(This story is part of a continuing series, An Assault in Venice. Part 1 starts here.)
I opened the envelope and popped the videotape into my VHS player. The screen was divided into quarters, each displaying footage from one camera—down the aisles, in the meat section, across the cash registers. Images from each of the four cameras flashed on and off in such fast motion I couldn’t track anything. Luckily, there was a function on the remote to play the tape frame-by-frame. When I did I discovered that each camera captured one frame every few seconds, and the camera views in each quadrant of the screen changed frequently to show the whole store over time. I could see various angles of people in different parts of the store, their jerky movements jumping across the screen before disappearing.

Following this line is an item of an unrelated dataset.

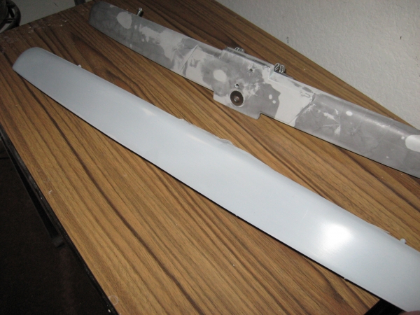 Mr. B cut the top and bottom of the bowtie that protruded on the top and bottom of the bar. He filled in the gaps, filed, sanded, prep for paint and this is where we are for the moment. I'll paint it later this week.

The images were grainy black-and-white video. You’d be hard-pressed to identify anyone from it. I knew that Jeanette was wearing a white sweater and jeans; the contrasts would make it easy to identify her. I had intended to fast forward through the tape to about the 4:30 or 5:00 hour, but then I noticed the date stamp on each camera was 2/11/99—three days after the attack. The tape I needed had either been recorded over or I had the wrong tape. I scrolled through it to make sure there was nothing from 2/8/99, then I popped it back into the envelope and returned to the store.
I was feeling more confident. I told myself I hadn’t actually impersonated a police officer since I never told anyone I was on the police force and certainly not a detective. If they believed I was, they were mistaken. And if anyone had asked me, I would have told them the truth and promptly sent Cagney over in my place.
I confronted the store manager again. I told him I’d scanned the tape and it had yesterday’s date on it. I needed Monday’s tape. I asked him if I could look at all the tapes from the entire week, hoping they’d been mislabeled. He went back upstairs, returned with two more tapes and handed them over. I thanked him and left, feeling like a total fraud but an arrogant, victorious fraud.